Докин — председатель сельского Совета. Действи­тельно, ни его, ни отца до сих пор не было видно. Где отец? Куда делся?

Прояс­нил Маркелин.

— Я арестовал ваш кулацкий Совет за контррево­люционную агитацию. Мы их будем судить революци­онным судом!.. Потому, прежде чем вы пойдете за хлебом, нужно избрать нового председателя сельского Совета. Я предлагаю кандидатуру Чиркунова Миха­ила Трофимовича! Кто против этой кандидатуры, поднимите руку! И повыше!

Егор оглянулся. Никто руки не поднял. Но один торопливый вскрик раздался:

— Не жалаем дезентира!

— Кто крикнул?! Кто?
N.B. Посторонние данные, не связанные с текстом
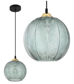 KCO Lighting Single Green Glass Pendant Light Large Globe Pendant Lighting Nordic Ribbed Ceiling Hanging Chandelier Light Vintage Dining Room Kitchen $25Las Vegas, NV
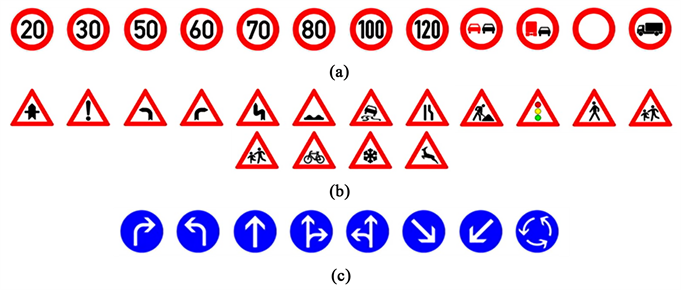 Figure 8. Traffic sign classes and the major classes of GTSDB. (a) Prohibitory; (b) Danger; (c) Mandatory.

Выйди сюда, — шагнул к тол­пе Маркелин. — Найти крикуна! — вытянул он руку с плеткой в ту сторону, откуда крик раздался.

Два красноармейца, как гончие, зави­дев зайца, слетели с паперти, ввинтились в толпу, продираться стали к тому месту, откуда крикнули. Оста­лись наверху вместе с Маркелиным Мишка Чиркун и чернявый красноармеец с веселыми смешливыми глазами. Он все время улыбался, шевелил густыми черными бровями, вскидывал их радостно иногда, слов­но был на спектакле. Мишка стоял рядом с ним и тоже посмеивался в усы. Не посерьезнел даже тогда, когда предложили его на место председателя сельского Совета.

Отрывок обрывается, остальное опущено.